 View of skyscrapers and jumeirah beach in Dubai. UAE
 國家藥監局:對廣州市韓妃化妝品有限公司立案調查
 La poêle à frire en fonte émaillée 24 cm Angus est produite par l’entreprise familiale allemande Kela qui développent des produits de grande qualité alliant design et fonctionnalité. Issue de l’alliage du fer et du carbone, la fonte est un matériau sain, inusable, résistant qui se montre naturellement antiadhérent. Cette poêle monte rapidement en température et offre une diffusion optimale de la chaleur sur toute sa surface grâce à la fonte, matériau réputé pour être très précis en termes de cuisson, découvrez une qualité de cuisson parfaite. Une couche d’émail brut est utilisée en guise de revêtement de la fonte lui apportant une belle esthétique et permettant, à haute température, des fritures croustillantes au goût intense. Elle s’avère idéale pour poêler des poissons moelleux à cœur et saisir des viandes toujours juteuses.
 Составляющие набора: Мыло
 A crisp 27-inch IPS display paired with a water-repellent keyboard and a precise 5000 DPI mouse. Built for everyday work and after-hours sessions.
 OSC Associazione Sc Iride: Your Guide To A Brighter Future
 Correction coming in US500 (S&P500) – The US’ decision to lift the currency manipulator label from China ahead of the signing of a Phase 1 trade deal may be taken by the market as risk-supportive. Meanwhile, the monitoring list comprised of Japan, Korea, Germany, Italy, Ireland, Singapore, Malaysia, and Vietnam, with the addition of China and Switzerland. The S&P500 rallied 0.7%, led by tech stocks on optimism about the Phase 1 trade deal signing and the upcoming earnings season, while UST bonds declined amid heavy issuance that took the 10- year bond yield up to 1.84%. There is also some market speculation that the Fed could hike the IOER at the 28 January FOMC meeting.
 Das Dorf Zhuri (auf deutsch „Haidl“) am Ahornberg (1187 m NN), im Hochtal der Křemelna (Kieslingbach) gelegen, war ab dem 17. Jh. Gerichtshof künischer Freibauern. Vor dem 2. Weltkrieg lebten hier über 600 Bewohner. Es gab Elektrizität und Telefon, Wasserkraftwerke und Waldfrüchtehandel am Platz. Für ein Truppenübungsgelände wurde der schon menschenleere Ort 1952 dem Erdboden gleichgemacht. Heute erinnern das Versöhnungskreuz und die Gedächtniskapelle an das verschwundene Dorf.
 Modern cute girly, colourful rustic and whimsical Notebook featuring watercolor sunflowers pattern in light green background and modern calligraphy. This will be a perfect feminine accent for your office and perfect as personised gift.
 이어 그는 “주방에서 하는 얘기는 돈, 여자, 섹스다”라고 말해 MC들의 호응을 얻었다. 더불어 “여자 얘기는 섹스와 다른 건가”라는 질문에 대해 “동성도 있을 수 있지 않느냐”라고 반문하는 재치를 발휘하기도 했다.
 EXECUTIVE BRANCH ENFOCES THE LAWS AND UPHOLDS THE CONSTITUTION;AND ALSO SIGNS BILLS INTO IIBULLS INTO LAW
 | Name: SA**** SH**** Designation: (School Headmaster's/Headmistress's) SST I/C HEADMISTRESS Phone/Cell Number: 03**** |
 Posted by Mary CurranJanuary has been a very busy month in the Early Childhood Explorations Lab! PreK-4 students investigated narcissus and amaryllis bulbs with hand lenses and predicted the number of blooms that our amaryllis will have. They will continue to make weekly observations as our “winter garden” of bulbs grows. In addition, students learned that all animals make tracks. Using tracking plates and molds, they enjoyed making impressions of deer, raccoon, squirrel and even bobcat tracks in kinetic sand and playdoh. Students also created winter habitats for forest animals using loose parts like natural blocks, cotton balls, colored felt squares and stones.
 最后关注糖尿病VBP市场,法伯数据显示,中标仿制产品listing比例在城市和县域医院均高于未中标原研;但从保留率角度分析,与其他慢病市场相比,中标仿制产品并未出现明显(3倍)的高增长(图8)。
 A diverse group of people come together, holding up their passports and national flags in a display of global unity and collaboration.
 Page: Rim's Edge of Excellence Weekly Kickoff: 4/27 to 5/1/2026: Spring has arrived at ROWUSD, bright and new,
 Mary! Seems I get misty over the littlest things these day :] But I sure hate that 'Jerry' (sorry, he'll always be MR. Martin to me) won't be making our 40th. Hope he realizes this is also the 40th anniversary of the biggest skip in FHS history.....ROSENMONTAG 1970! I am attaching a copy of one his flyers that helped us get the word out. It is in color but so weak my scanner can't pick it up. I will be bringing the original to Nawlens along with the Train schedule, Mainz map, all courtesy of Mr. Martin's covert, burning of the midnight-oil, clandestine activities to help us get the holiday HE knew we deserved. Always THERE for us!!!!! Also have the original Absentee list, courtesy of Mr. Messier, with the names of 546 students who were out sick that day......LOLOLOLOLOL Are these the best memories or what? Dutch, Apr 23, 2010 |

=-=-=

**WHAT TO PRODUCE:**
Write every entry out again exactly.

**REPLY:**
 View of skyscrapers and jumeirah beach in Dubai. UAE
 國家藥監局:對廣州市韓妃化妝品有限公司立案調查
 La poêle à frire en fonte émaillée 24 cm Angus est produite par l’entreprise familiale allemande Kela qui développent des produits de grande qualité alliant design et fonctionnalité. Issue de l’alliage du fer et du carbone, la fonte est un matériau sain, inusable, résistant qui se montre naturellement antiadhérent. Cette poêle monte rapidement en température et offre une diffusion optimale de la chaleur sur toute sa surface grâce à la fonte, matériau réputé pour être très précis en termes de cuisson, découvrez une qualité de cuisson parfaite. Une couche d’émail brut est utilisée en guise de revêtement de la fonte lui apportant une belle esthétique et permettant, à haute température, des fritures croustillantes au goût intense. Elle s’avère idéale pour poêler des poissons moelleux à cœur et saisir des viandes toujours juteuses.
 Составляющие набора: Мыло
 A crisp 27-inch IPS display paired with a water-repellent keyboard and a precise 5000 DPI mouse. Built for everyday work and after-hours sessions.
 OSC Associazione Sc Iride: Your Guide To A Brighter Future
 Correction coming in US500 (S&P500) – The US’ decision to lift the currency manipulator label from China ahead of the signing of a Phase 1 trade deal may be taken by the market as risk-supportive. Meanwhile, the monitoring list comprised of Japan, Korea, Germany, Italy, Ireland, Singapore, Malaysia, and Vietnam, with the addition of China and Switzerland. The S&P500 rallied 0.7%, led by tech stocks on optimism about the Phase 1 trade deal signing and the upcoming earnings season, while UST bonds declined amid heavy issuance that took the 10- year bond yield up to 1.84%. There is also some market speculation that the Fed could hike the IOER at the 28 January FOMC meeting.
 Das Dorf Zhuri (auf deutsch „Haidl“) am Ahornberg (1187 m NN), im Hochtal der Křemelna (Kieslingbach) gelegen, war ab dem 17. Jh. Gerichtshof künischer Freibauern. Vor dem 2. Weltkrieg lebten hier über 600 Bewohner. Es gab Elektrizität und Telefon, Wasserkraftwerke und Waldfrüchtehandel am Platz. Für ein Truppenübungsgelände wurde der schon menschenleere Ort 1952 dem Erdboden gleichgemacht. Heute erinnern das Versöhnungskreuz und die Gedächtniskapelle an das verschwundene Dorf.
 Modern cute girly, colourful rustic and whimsical Notebook featuring watercolor sunflowers pattern in light green background and modern calligraphy. This will be a perfect feminine accent for your office and perfect as personised gift.
 이어 그는 “주방에서 하는 얘기는 돈, 여자, 섹스다”라고 말해 MC들의 호응을 얻었다. 더불어 “여자 얘기는 섹스와 다른 건가”라는 질문에 대해 “동성도 있을 수 있지 않느냐”라고 반문하는 재치를 발휘하기도 했다.
 EXECUTIVE BRANCH ENFOCES THE LAWS AND UPHOLDS THE CONSTITUTION;AND ALSO SIGNS BILLS INTO IIBULLS INTO LAW
 | Name: SA**** SH**** Designation: (School Headmaster's/Headmistress's) SST I/C HEADMISTRESS Phone/Cell Number: 03**** |
 Posted by Mary CurranJanuary has been a very busy month in the Early Childhood Explorations Lab! PreK-4 students investigated narcissus and amaryllis bulbs with hand lenses and predicted the number of blooms that our amaryllis will have. They will continue to make weekly observations as our “winter garden” of bulbs grows. In addition, students learned that all animals make tracks. Using tracking plates and molds, they enjoyed making impressions of deer, raccoon, squirrel and even bobcat tracks in kinetic sand and playdoh. Students also created winter habitats for forest animals using loose parts like natural blocks, cotton balls, colored felt squares and stones.
 最后关注糖尿病VBP市场,法伯数据显示,中标仿制产品listing比例在城市和县域医院均高于未中标原研;但从保留率角度分析,与其他慢病市场相比,中标仿制产品并未出现明显(3倍)的高增长(图8)。
 A diverse group of people come together, holding up their passports and national flags in a display of global unity and collaboration.
 Page: Rim's Edge of Excellence Weekly Kickoff: 4/27 to 5/1/2026: Spring has arrived at ROWUSD, bright and new,
 Mary! Seems I get misty over the littlest things these day :] But I sure hate that 'Jerry' (sorry, he'll always be MR. Martin to me) won't be making our 40th. Hope he realizes this is also the 40th anniversary of the biggest skip in FHS history.....ROSENMONTAG 1970! I am attaching a copy of one his flyers that helped us get the word out. It is in color but so weak my scanner can't pick it up. I will be bringing the original to Nawlens along with the Train schedule, Mainz map, all courtesy of Mr. Martin's covert, burning of the midnight-oil, clandestine activities to help us get the holiday HE knew we deserved. Always THERE for us!!!!! Also have the original Absentee list, courtesy of Mr. Messier, with the names of 546 students who were out sick that day......LOLOLOLOLOL Are these the best memories or what? Dutch, Apr 23, 2010 |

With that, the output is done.